Task to carry out => Directions for the data below: repeat exactly the lines from the one with "eiendom betrap word." through the one with "Secure Internet Servers", both included, and omit all pictures.

Supplied records =>

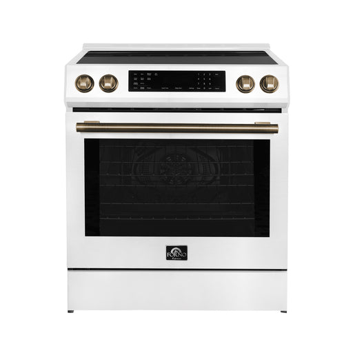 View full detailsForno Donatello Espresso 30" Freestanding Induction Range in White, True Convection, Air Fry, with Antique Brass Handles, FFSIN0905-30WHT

==

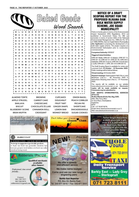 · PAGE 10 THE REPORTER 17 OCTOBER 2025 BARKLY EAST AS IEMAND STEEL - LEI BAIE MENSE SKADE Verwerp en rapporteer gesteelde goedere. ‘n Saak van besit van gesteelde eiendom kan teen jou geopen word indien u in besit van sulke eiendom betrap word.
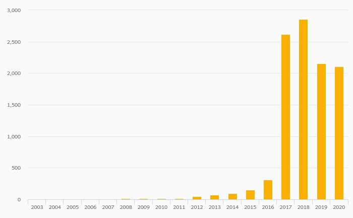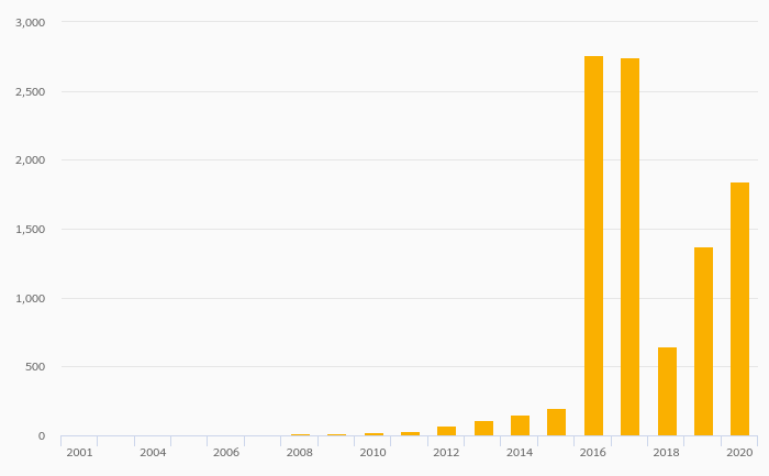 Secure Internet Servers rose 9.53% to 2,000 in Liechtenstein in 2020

Response to the task =>
 · PAGE 10 THE REPORTER 17 OCTOBER 2025 BARKLY EAST AS IEMAND STEEL - LEI BAIE MENSE SKADE Verwerp en rapporteer gesteelde goedere. ‘n Saak van besit van gesteelde eiendom kan teen jou geopen word indien u in besit van sulke eiendom betrap word.
 Secure Internet Servers rose 9.53% to 2,000 in Liechtenstein in 2020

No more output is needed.